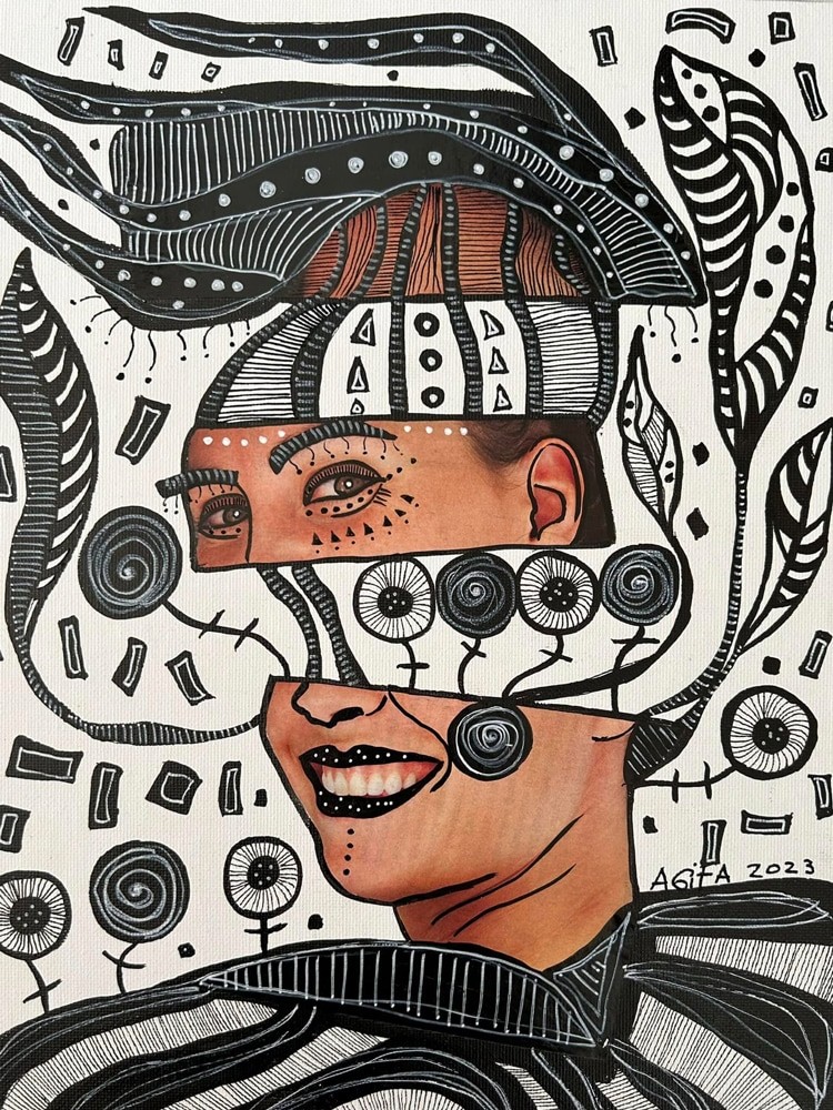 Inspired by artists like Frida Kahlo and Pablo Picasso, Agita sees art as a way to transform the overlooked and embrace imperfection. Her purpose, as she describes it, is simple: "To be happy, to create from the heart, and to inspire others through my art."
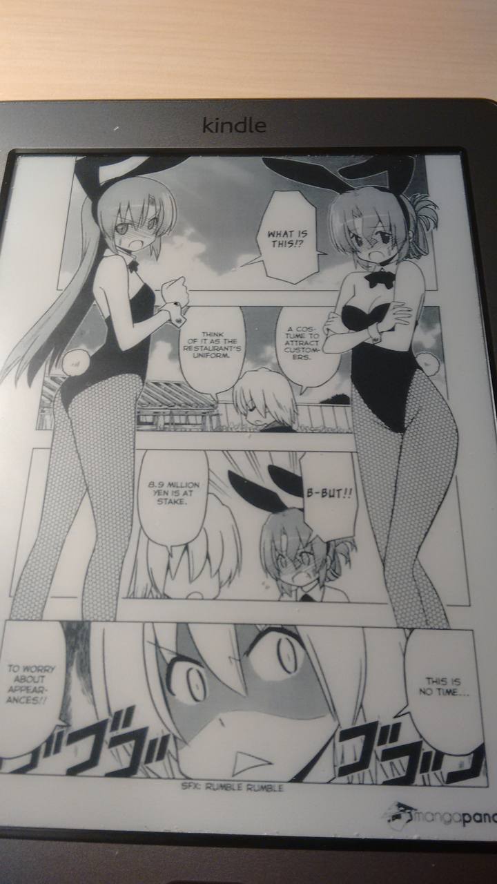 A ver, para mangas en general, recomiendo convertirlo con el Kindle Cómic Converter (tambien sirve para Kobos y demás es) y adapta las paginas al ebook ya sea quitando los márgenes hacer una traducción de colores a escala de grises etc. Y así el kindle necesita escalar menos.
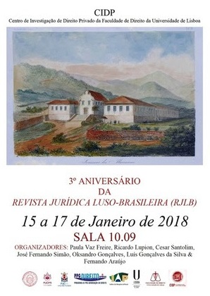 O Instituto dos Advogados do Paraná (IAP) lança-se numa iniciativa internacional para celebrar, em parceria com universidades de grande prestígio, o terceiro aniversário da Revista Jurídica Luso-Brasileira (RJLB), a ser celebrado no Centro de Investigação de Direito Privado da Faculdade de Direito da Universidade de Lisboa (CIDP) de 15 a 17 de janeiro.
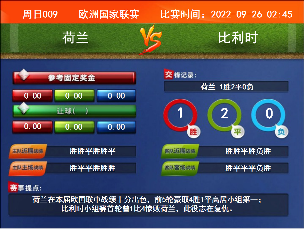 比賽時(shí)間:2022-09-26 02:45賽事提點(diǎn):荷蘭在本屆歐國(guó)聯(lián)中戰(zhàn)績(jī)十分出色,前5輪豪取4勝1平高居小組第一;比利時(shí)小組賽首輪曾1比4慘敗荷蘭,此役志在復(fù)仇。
━━━━━━━━━━━━━━━━━━━━━━━━━━━━━━
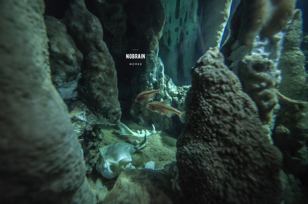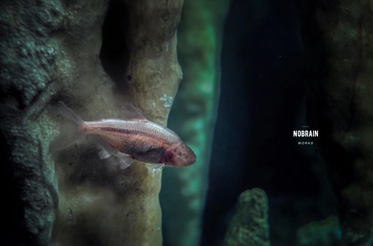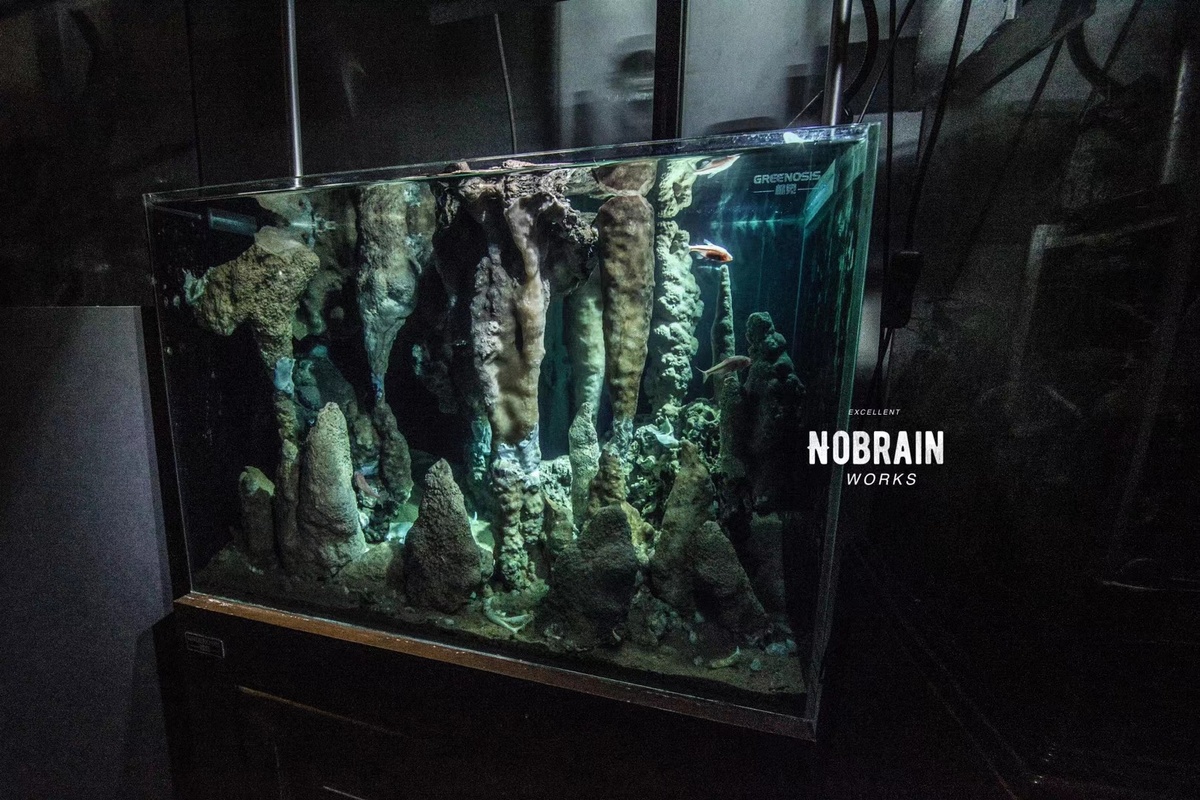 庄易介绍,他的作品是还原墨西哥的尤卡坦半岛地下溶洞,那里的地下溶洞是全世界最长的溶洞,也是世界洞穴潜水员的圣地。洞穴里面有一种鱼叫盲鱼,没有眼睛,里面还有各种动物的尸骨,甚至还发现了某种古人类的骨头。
━━━━━━━━━━━━━━━━━━━━━━━━━━━━━━
### Requirement
Using the material above, transcribe exactly the lines from the one holding "Inspired by artists" to the one holding "A ver, para", both ends kept. Do not carry over any pictures.

### Solution
 Inspired by artists like Frida Kahlo and Pablo Picasso, Agita sees art as a way to transform the overlooked and embrace imperfection. Her purpose, as she describes it, is simple: "To be happy, to create from the heart, and to inspire others through my art."
 A ver, para mangas en general, recomiendo convertirlo con el Kindle Cómic Converter (tambien sirve para Kobos y demás es) y adapta las paginas al ebook ya sea quitando los márgenes hacer una traducción de colores a escala de grises etc. Y así el kindle necesita escalar menos.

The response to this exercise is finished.